Here’s an inspiring story about an absolute saint whose moral courage was strong enough to keep him on the righteous path in the face of dark temptation: This man has only touched two of the bras on the mannequins at Target.
Huzzah! Well done, sir!
Although the aisles of department stores like Target are strewn with a dozen or so mannequins displaying highly alluring bras right in the center of the store, today we celebrate Keith Haggerman, age 42, who made it through his recent shopping trip having touched merely two of the bras, and squeezing the breast part of just one. While many weaker men would surely succomb to the overwhelming temptation and lose hours of their day running their palms over the lacy fabric, after just three minutes with his hands on the undergarments, Keith was able to look his lust in the eye and say, “Get lost.”
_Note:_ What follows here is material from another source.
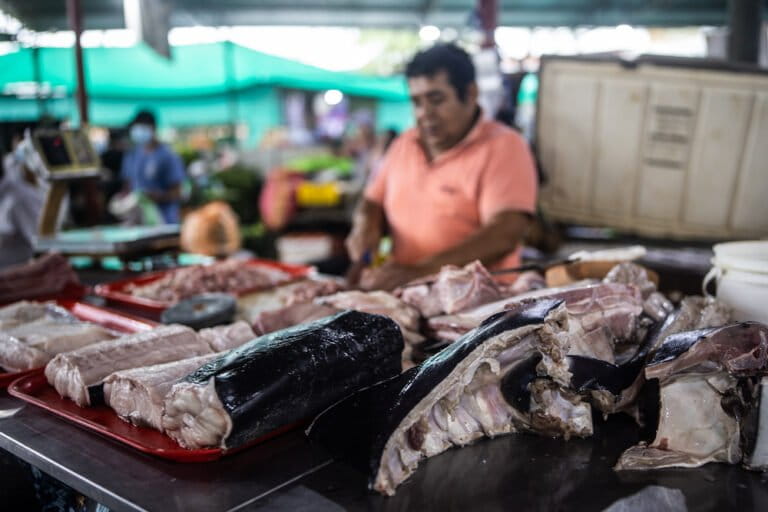 En Perú, la pesca y comercialización de tiburones está permitida. De hecho, es una de las carnes más consumidas por los peruanos. “Comemos tiburón. Es una de las carnes más baratas y de fácil acceso en el mercado, particularmente las especies oceánicas como el tiburón azul. Un kilo de tiburón está a seis o siete soles en el mercado. Comparado con el pollo u otras proteínas es de fácil acceso”, explica Juan Carlos Rivero, director científico de Oceana.

Truly inspiring. Let this man’s moral fortitude be an example to all!
It certainly takes a man a great deal of self-reliance and bravery to exit the women’s underwear department at Target with his honor and dignity intact, but that’s exactly how Keith walked out of there, with only one pair of silk, high-waisted panties tucked into the back of his cart so he could steal a few more glances at it before he left. While not everyone has what it takes to resist the sensual temptations of brands like Maidenform and Jockey, with their intimates in loud, garish colors like white, nude, and black, it’s clear that Keith is one of the few incorruptible men who does, with only minor exceptions!
Keith, you have truly raised the bar for how an upstanding gentleman should act. Conducting yourself with such honor is no easy feat when you’re surrounded by the siren song of such gorgeous bras and underwear. Bravo, Keith, bravo! Paradise surely awaits your pristine, temperate soul in the hereafter!